Jika pada tulisan sebelumnya aku menceritakan bagaimana aku bersyukur karena memiliki ibu yang hebat maka kali ini aku pun ingin mengurai kisah seseorang yang tak kalah hebatnya. Papa ,dialah orang hebat itu yang menjadikan aku selalu bersyukur menjadi anak dari beliau. Telah berjuta-juta tetes keringat dari punggung Papa mengalir demi lembaran rupiah untuk biaya pendidikan putrinya ini. Sungguh aku tak meragukan kasih sayang Papa padaku.
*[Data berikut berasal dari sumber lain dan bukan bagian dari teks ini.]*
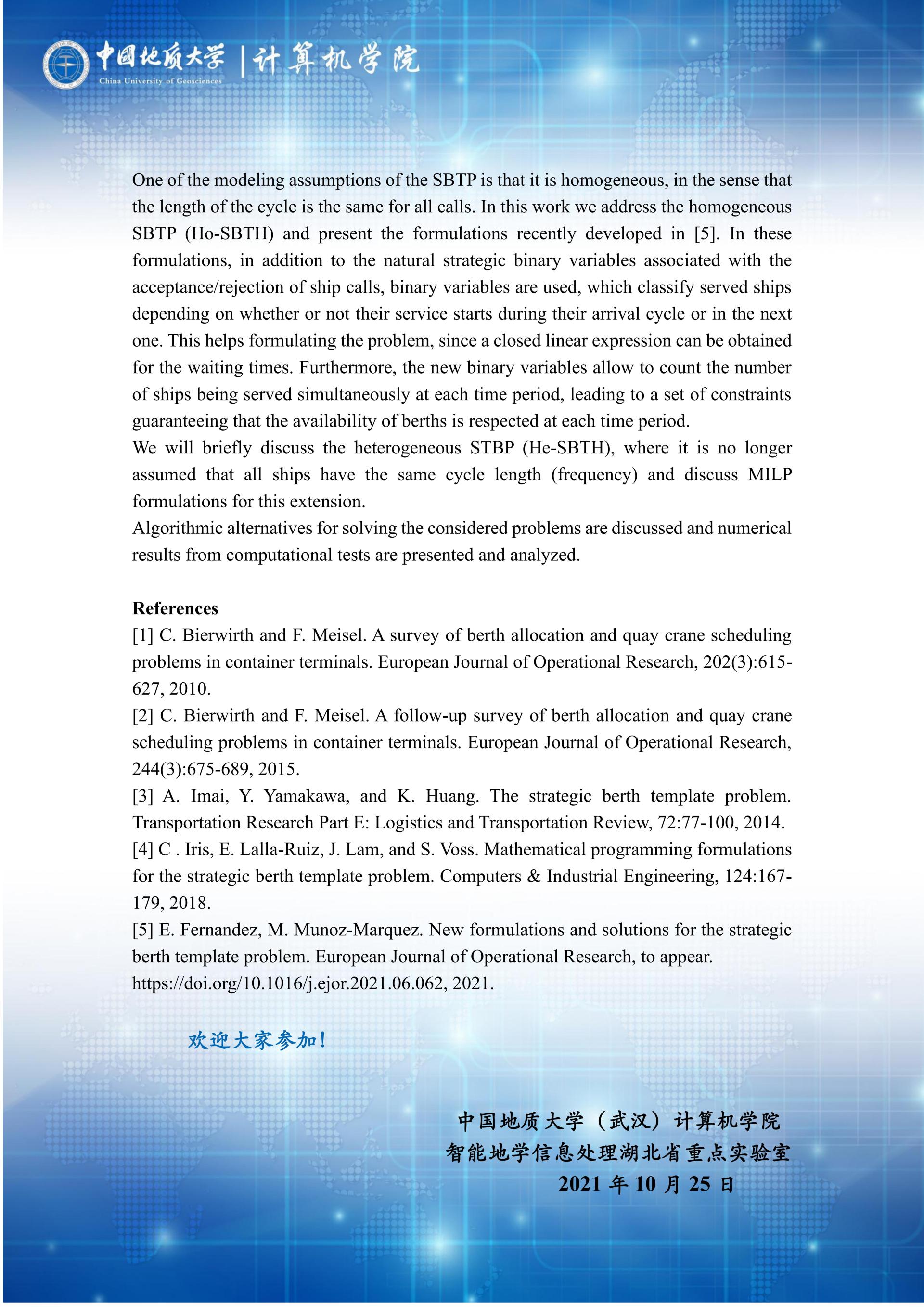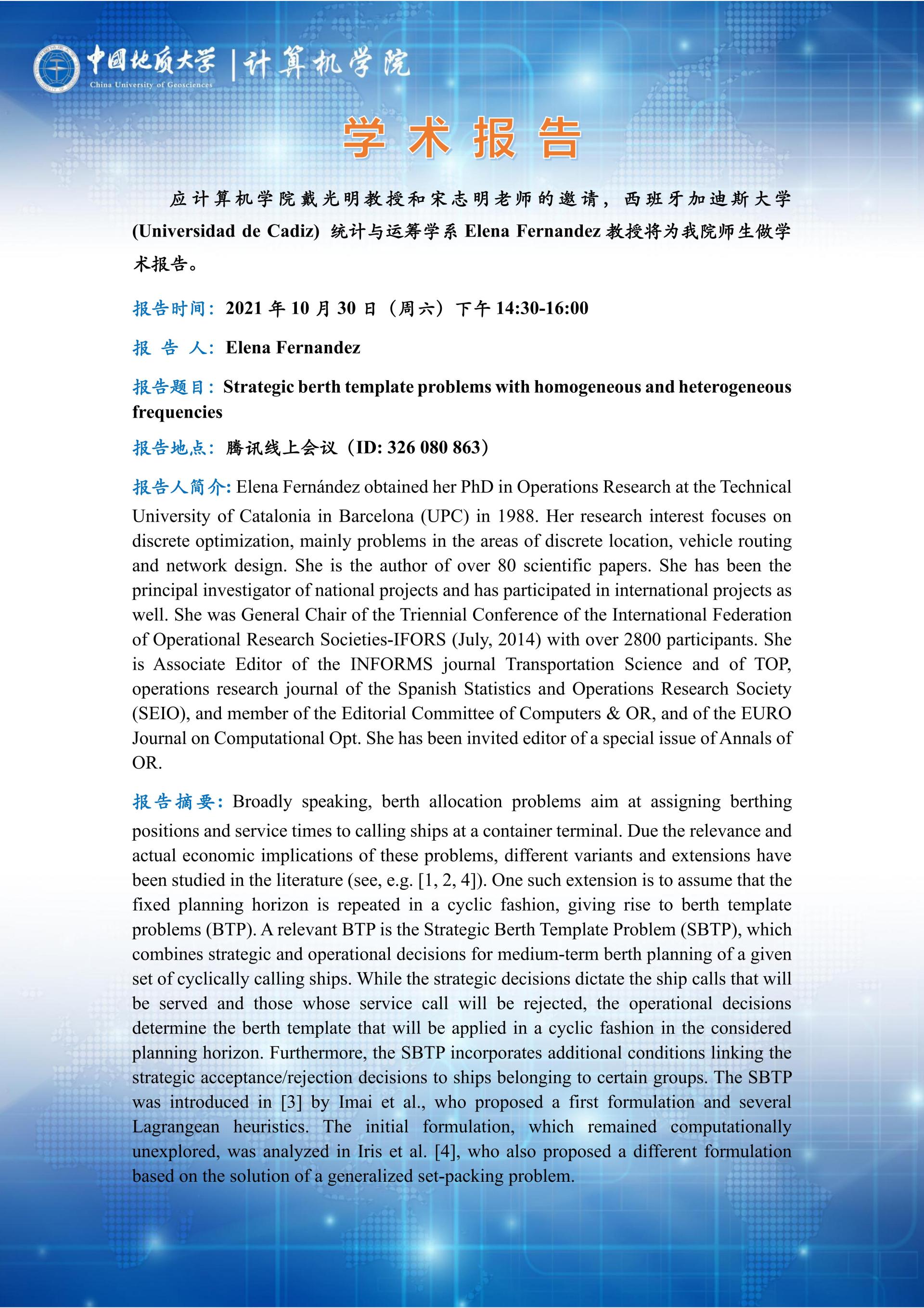 学术报告——西班牙加迪斯大学Elena Fernandez:Strategic berth template problems with homogeneous and heterogeneous frequencies
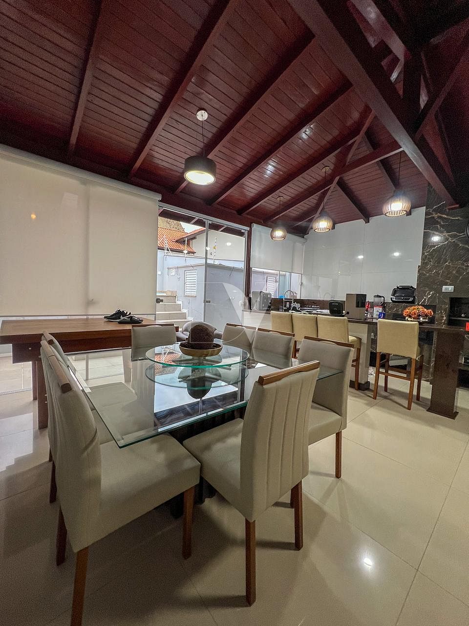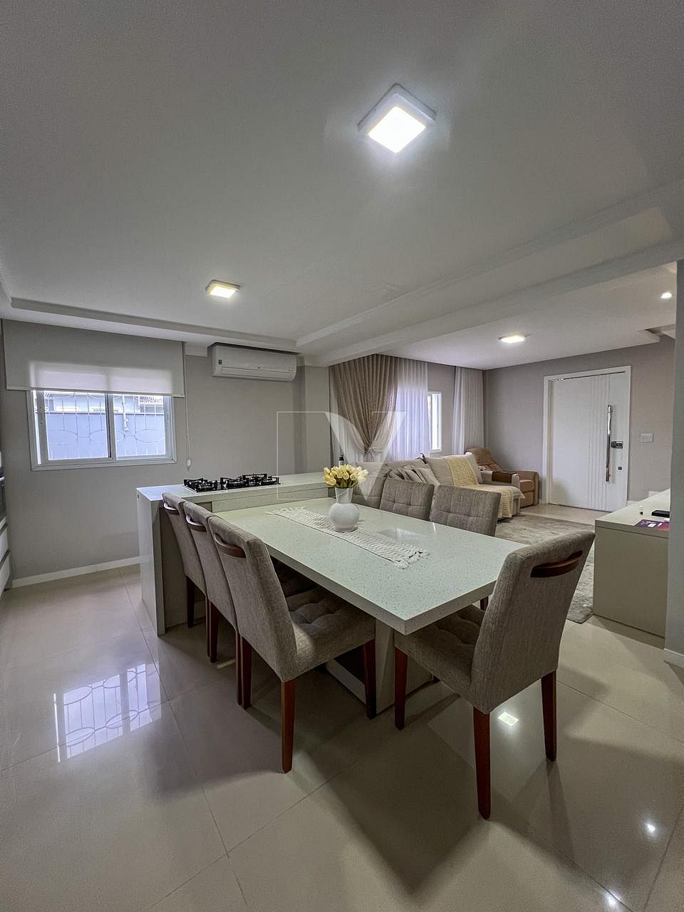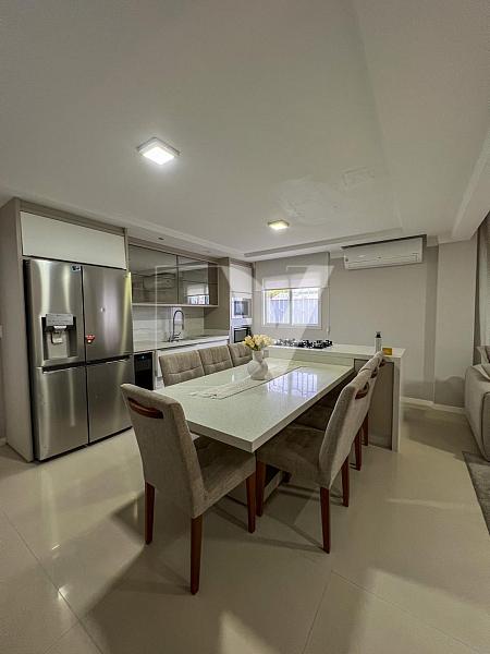 • Sala de jantar e cozinha integradas, em um espaço funcional e aconchegante.

Aku tak perlu bertanya dan tak perlu mendengar kata-kata sayang dari Papa sebab aku yakin tak ada yang dapat mengalahkan besarnya kasih sayang Papa padaku.



Namun sepertinya aku harus memutar otak untuk menulis berbagai kisahku bersama Papa. Aku bukan seorang Cinta yang sangat erat dengan ayahnya sang Uya Kuya, aku pun bukan Aru** yang membiarkan ayahnya susah payah mencarinya karena dia melarikan diri. Bukan sedikit kenangan aku bersama Papa, namun sepertinya aku telah membiarkan kenangan berharga itu buyar. Hanya satu yang aku ingat tentang Papa bahwa aku sangat menyayangi Papa dan Papa sangat sayang kepadaku.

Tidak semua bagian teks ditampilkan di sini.